GIC closes A$135m exit in Melbourne

Following a particularly acquisitive period, GIC has also taken advantage of the outbound appetite of Chinese developers to make a divestment.

The $285 billion Singaporean sovereign wealth fund GIC Private Limited has fully divested what was its very first property asset in the city of Melbourne, selling the Park Hyatt hotel in Melbourne to Chinese developer Fu Wah Group.

The deal involves both the 240 room hotel and an adjoining commercial car park. Financial details of the deal were not disclosed, but media reports have pegged the deal at around A$135 million (€93 million; $126 million). Developed in 1999 by Australian property developer Lustig & Moar at a cost of $150 million, the five-star Park Hyatt is considered one of Melbourne’s landmark hotels.

In 2003, GIC bought the Park Hyatt as its first real estate investment in Melbourne for approximately A$126 million. At the time, GIC Real Estate president Ngee Huat Seek said, “Although the hospitality real estate cycle is still finding its bottom in Melbourne, we are confident that our arrangement with Hyatt will see us through the bottom of the cycle. We have confidence in the Park Hyatt brand to realize the full potential of this property.”

Coincidentally, Park Hyatt also represents Fu Wah’s first foray into the international market. It is only the latest Chinese developer to buy into the Australian market. Greenland Group, for example, has committed $600 million to build Sydney’s tallest apartment tower, while China’s Country Garden has launched an 800-apartment complex development in Sydney.

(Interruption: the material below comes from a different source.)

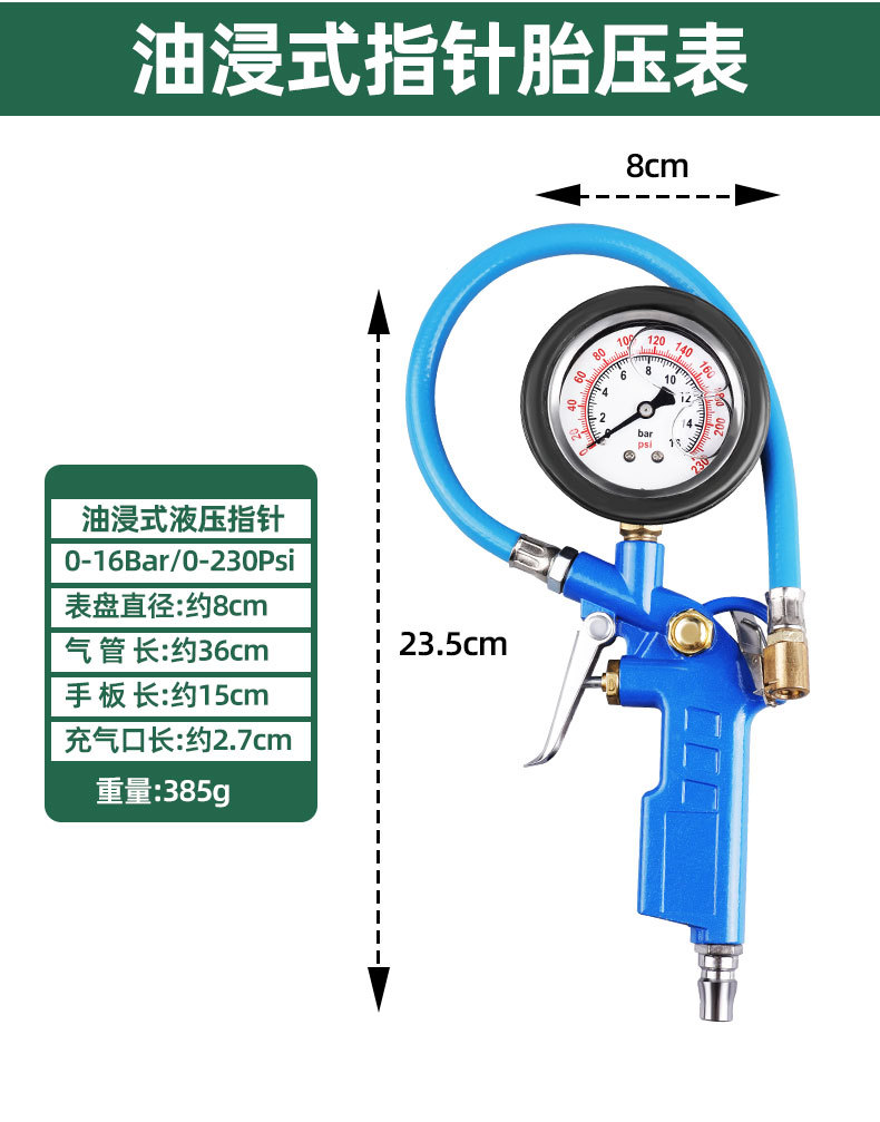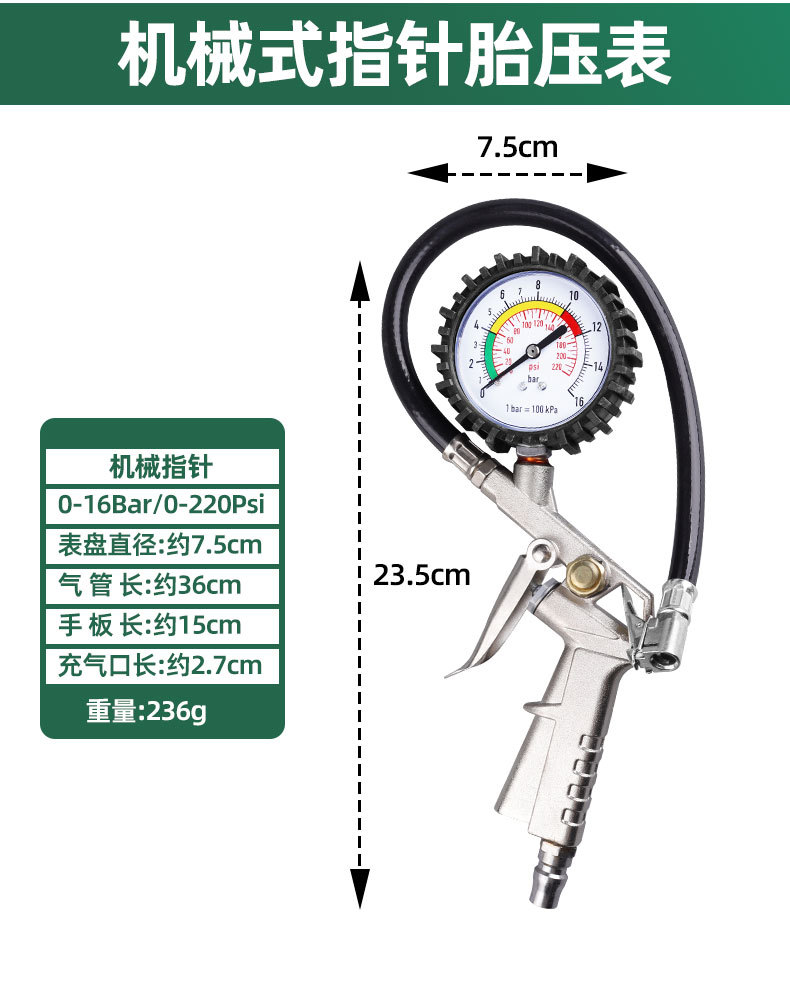 | Modelo | 988, medidor de presión de neumáticos de puntero mecánico, 0,24 kg, 989, medidor de presión de neumáticos de puntero sumergido en aceite, 0,39 kg |

Since its first foray, GIC has invested in at least one other Melbourne property project, partnering with Australia’s CFS Retail Property Trust and the Myer family to acquire and develop the site of Myer Melbourne shopping complex for a combined investment of A$1.1 billion (€703 million; $971 million) in 2007. Following some delays, that project is scheduled for completion this year.

Overall, GIC has invested about 3 percent of its capital in the Australasia region across all asset classes. Its most prominent assets include the Chifley Tower and Queen Victoria Building in Sydney.